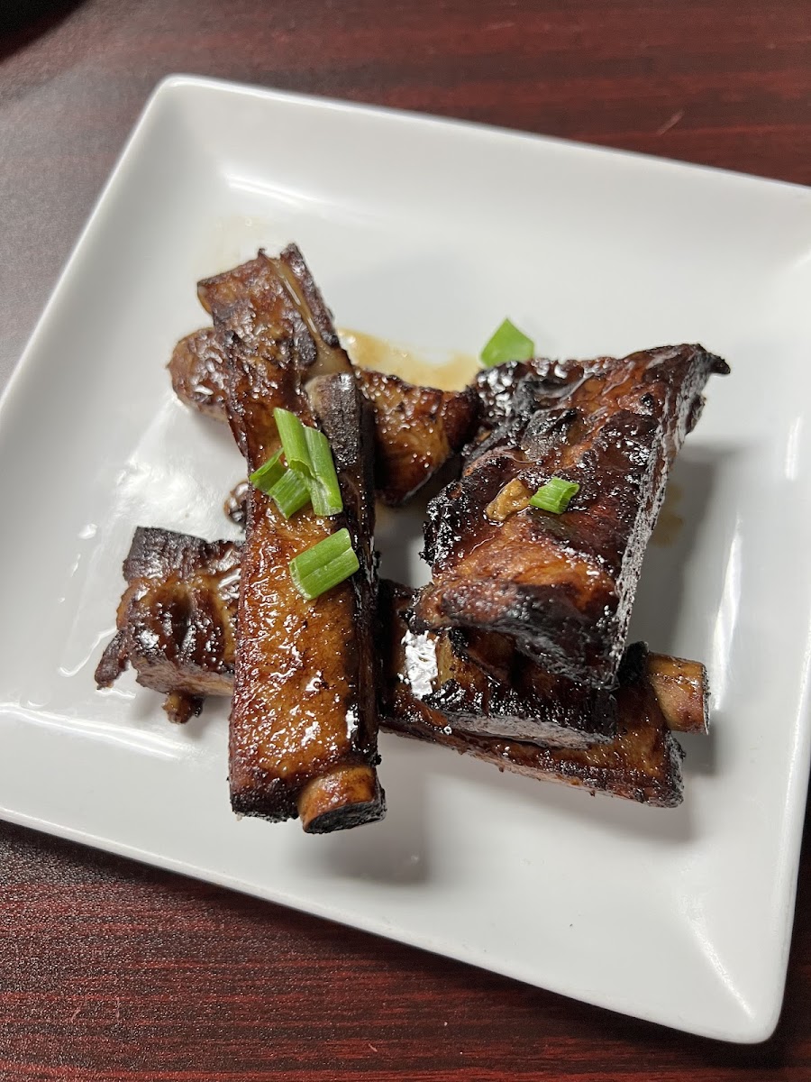 Costillas crujientes, tiernas, dulces y picantes. / Crispy, tender, sweet and spicy ribs.
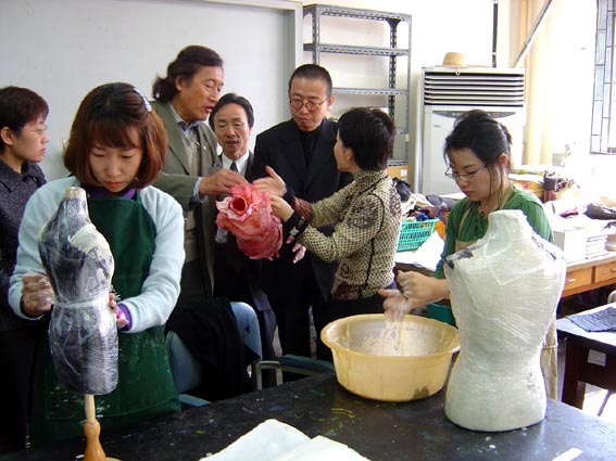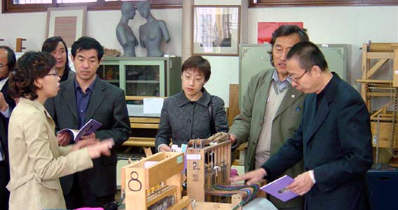 院長一行在藝術學院主任玄文哲教授的陪同下考察了該院的教授、講師辦公室和學生上課情況,與部分教授和教師進行了交流。藝術學院有工藝、東洋畫、西洋畫和設計四個系。其中,工藝有染織、陶瓷、實用產品設計等專業,設計有裝潢、舞臺藝術設計、環境設計和室內設計等專業。工藝系的教學比較有特色。一是一年級學生進行專業基礎理論學習,二、三、四年級進入實習教室或教授工作室,同時進行實踐操作,不同年級的學生可以互相交流,高年級的學生可以指導低年級學生。二是教學特別重視藝術與技能的結合,突出動手能力,各個專業都配備技能學習所需的設備,如材料課學生在簡單機床上了解不同材料的性能和藝術效果,編織課在小型織機上進行手工編織,染色課在小模特身上用小塊韓紙經某種天然液體浸泡后貼到模特身上,再涂上染料,待曬干后從后面剪開,就做成一件立體服裝,非常直觀。三是專業直接面向社會,特別是實用產品設計內容非常豐富,有產品開發、產品研究及產品設計與制作,不僅限于韓國,而且研究制作歐洲各國、美國、日本、中國等國家的實用產品,有木頭、金屬、線布等不同材質。另外,藝術學院及所考察的其他藝術院校一樣,教室都很大,走廊很寬,兩邊統一擺放供學生使用的壁櫥。這些經驗我院在新校區建設中都可借鑒。
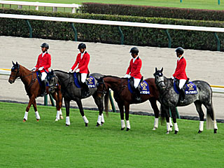 本日の 誘導馬。 メインレースを担当したのは ショウナンライズ、 オメガブルーム、 ムイトオブリガード、 サトノソルタスでした。 |
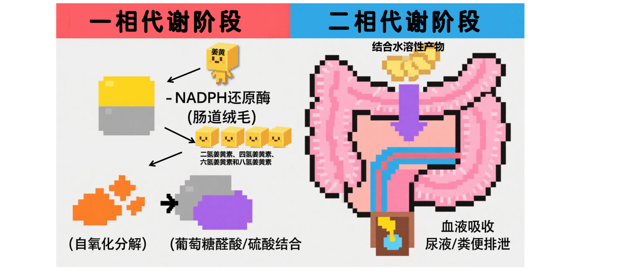 姜黃(huáng)素的(de)生(shēng)物(wù)活性在2相(xiàng)代謝(xiè)中失活。體(tǐ)內(nèi)代謝(xiè)≥迅速,半衰期短(duǎn),且易被肝髒和(hé)腸道(dào)的(de)葡萄糖苷酶降解。這(zhè)種“快(kuài)速代謝(xiè)”特性使得(de)其在體(tǐ)內(nèi)的(¶de)有(yǒu)效濃度難以維持,并且姜黃(huáng)素被快(kuài)速排洩,導緻姜黃(huáng)素的(de)生(shēng)物(wù)利用(yòng)度較低(dī)。€進一(yī)步削弱了(le)其治療潛力。
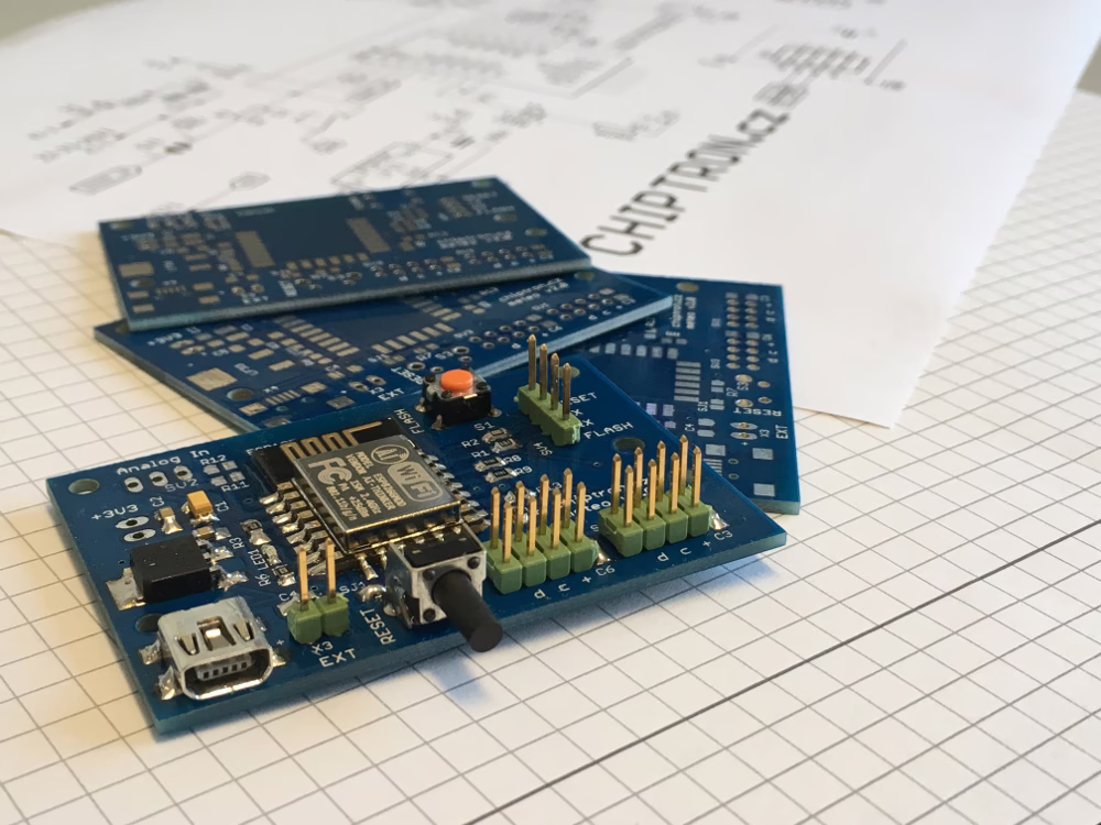 Jádrem desky zůstal ESP12E, stejný modul s ESP8266 jako používá populární vývojový kit NodeMCU.
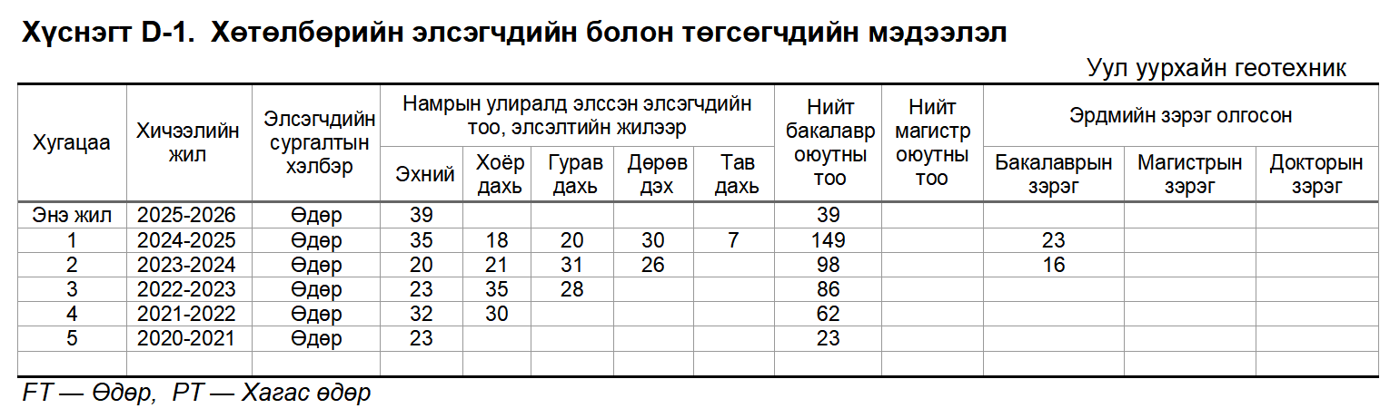 Уурхайн технологийн тэнхим (УТТ) нь 1971 онд анх байгуулагдсан бөгөөд 1975 онд Уул уурхайн ашиглалтын технологи мэргэжлээр бакалаврын зэрэг олгож эхэлсэн. Тус тэнхим нь оюутнуудыг уул уурхайн салбарт амжилтанд хүргэх үүднээс шаардлагатай мэдлэг, ур чадвар, туршлагаар хангах зорилгоор бакалавр, магистр, докторын сургалтын хөтөлбөрөөр Уул уурхайн ашиглалтын технологи, Уул уурхайн маркшейдер мэргэжлийн инженерүүдийг болон бакалавр, магистрын хөтөлбөрөөр Уул уурхайн геотехник мэргэжлийн инженерүүдийг тус тус бэлтгэж байна. Монгол Улсад геологи, уул уурхайн салбар эрчимтэй хөгжиж байгаа нь мэргэшсэн мэргэжилтнүүдийн эрэлт, хэрэгцээг эрс нэмэгдүүлсэн. Энэхүү өсөн нэмэгдэж буй эрэлт, хэрэгцээг хангах үүднээс ШУТИС, Рио Тинто Монгол ХХК (Рио Тинто Групп), Оюутолгой ХХК хамтын ажиллагаан гэрээний хүрээнд хамтран 2021 онд уурхайн геотехникийн мэргэжилтнүүдийг эх орондоо бэлтгэх шийдвэрийг гаргасан. Энэхүү хөтөлбөрт 2020-2025 он хүртэлх элсэгчдийн болон төгсөгчдийн мэдээллийг Хүснэгт D-1-д үзүүлэв.
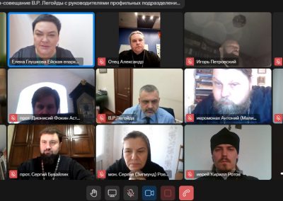 Председатель Синодального отдела по взаимоотношениям Церкви с обществом и СМИ В.Р. Легойда провел совещание с руководителями информационных подразделений и пресс-служб епархий, расположенных на территории Южного и Северо-Кавказского федеральных округов, ДНР, ЛНР, Запорожской и Херсонской областей. Совещание прошло в режиме видеоконференцсвязи на платформе Контур.Толк.

☆ ☆ ☆

- [PROMPT]:
Only the pictures stay behind; everything else in the data above is to be retyped exactly.

- [EXERCISE RESPONSE]:
 Costillas crujientes, tiernas, dulces y picantes. / Crispy, tender, sweet and spicy ribs.
 院長一行在藝術學院主任玄文哲教授的陪同下考察了該院的教授、講師辦公室和學生上課情況,與部分教授和教師進行了交流。藝術學院有工藝、東洋畫、西洋畫和設計四個系。其中,工藝有染織、陶瓷、實用產品設計等專業,設計有裝潢、舞臺藝術設計、環境設計和室內設計等專業。工藝系的教學比較有特色。一是一年級學生進行專業基礎理論學習,二、三、四年級進入實習教室或教授工作室,同時進行實踐操作,不同年級的學生可以互相交流,高年級的學生可以指導低年級學生。二是教學特別重視藝術與技能的結合,突出動手能力,各個專業都配備技能學習所需的設備,如材料課學生在簡單機床上了解不同材料的性能和藝術效果,編織課在小型織機上進行手工編織,染色課在小模特身上用小塊韓紙經某種天然液體浸泡后貼到模特身上,再涂上染料,待曬干后從后面剪開,就做成一件立體服裝,非常直觀。三是專業直接面向社會,特別是實用產品設計內容非常豐富,有產品開發、產品研究及產品設計與制作,不僅限于韓國,而且研究制作歐洲各國、美國、日本、中國等國家的實用產品,有木頭、金屬、線布等不同材質。另外,藝術學院及所考察的其他藝術院校一樣,教室都很大,走廊很寬,兩邊統一擺放供學生使用的壁櫥。這些經驗我院在新校區建設中都可借鑒。
 本日の 誘導馬。 メインレースを担当したのは ショウナンライズ、 オメガブルーム、 ムイトオブリガード、 サトノソルタスでした。 |
 姜黃(huáng)素的(de)生(shēng)物(wù)活性在2相(xiàng)代謝(xiè)中失活。體(tǐ)內(nèi)代謝(xiè)≥迅速,半衰期短(duǎn),且易被肝髒和(hé)腸道(dào)的(de)葡萄糖苷酶降解。這(zhè)種“快(kuài)速代謝(xiè)”特性使得(de)其在體(tǐ)內(nèi)的(¶de)有(yǒu)效濃度難以維持,并且姜黃(huáng)素被快(kuài)速排洩,導緻姜黃(huáng)素的(de)生(shēng)物(wù)利用(yòng)度較低(dī)。€進一(yī)步削弱了(le)其治療潛力。
 Jádrem desky zůstal ESP12E, stejný modul s ESP8266 jako používá populární vývojový kit NodeMCU.
 Уурхайн технологийн тэнхим (УТТ) нь 1971 онд анх байгуулагдсан бөгөөд 1975 онд Уул уурхайн ашиглалтын технологи мэргэжлээр бакалаврын зэрэг олгож эхэлсэн. Тус тэнхим нь оюутнуудыг уул уурхайн салбарт амжилтанд хүргэх үүднээс шаардлагатай мэдлэг, ур чадвар, туршлагаар хангах зорилгоор бакалавр, магистр, докторын сургалтын хөтөлбөрөөр Уул уурхайн ашиглалтын технологи, Уул уурхайн маркшейдер мэргэжлийн инженерүүдийг болон бакалавр, магистрын хөтөлбөрөөр Уул уурхайн геотехник мэргэжлийн инженерүүдийг тус тус бэлтгэж байна. Монгол Улсад геологи, уул уурхайн салбар эрчимтэй хөгжиж байгаа нь мэргэшсэн мэргэжилтнүүдийн эрэлт, хэрэгцээг эрс нэмэгдүүлсэн. Энэхүү өсөн нэмэгдэж буй эрэлт, хэрэгцээг хангах үүднээс ШУТИС, Рио Тинто Монгол ХХК (Рио Тинто Групп), Оюутолгой ХХК хамтын ажиллагаан гэрээний хүрээнд хамтран 2021 онд уурхайн геотехникийн мэргэжилтнүүдийг эх орондоо бэлтгэх шийдвэрийг гаргасан. Энэхүү хөтөлбөрт 2020-2025 он хүртэлх элсэгчдийн болон төгсөгчдийн мэдээллийг Хүснэгт D-1-д үзүүлэв.
 Председатель Синодального отдела по взаимоотношениям Церкви с обществом и СМИ В.Р. Легойда провел совещание с руководителями информационных подразделений и пресс-служб епархий, расположенных на территории Южного и Северо-Кавказского федеральных округов, ДНР, ЛНР, Запорожской и Херсонской областей. Совещание прошло в режиме видеоконференцсвязи на платформе Контур.Толк.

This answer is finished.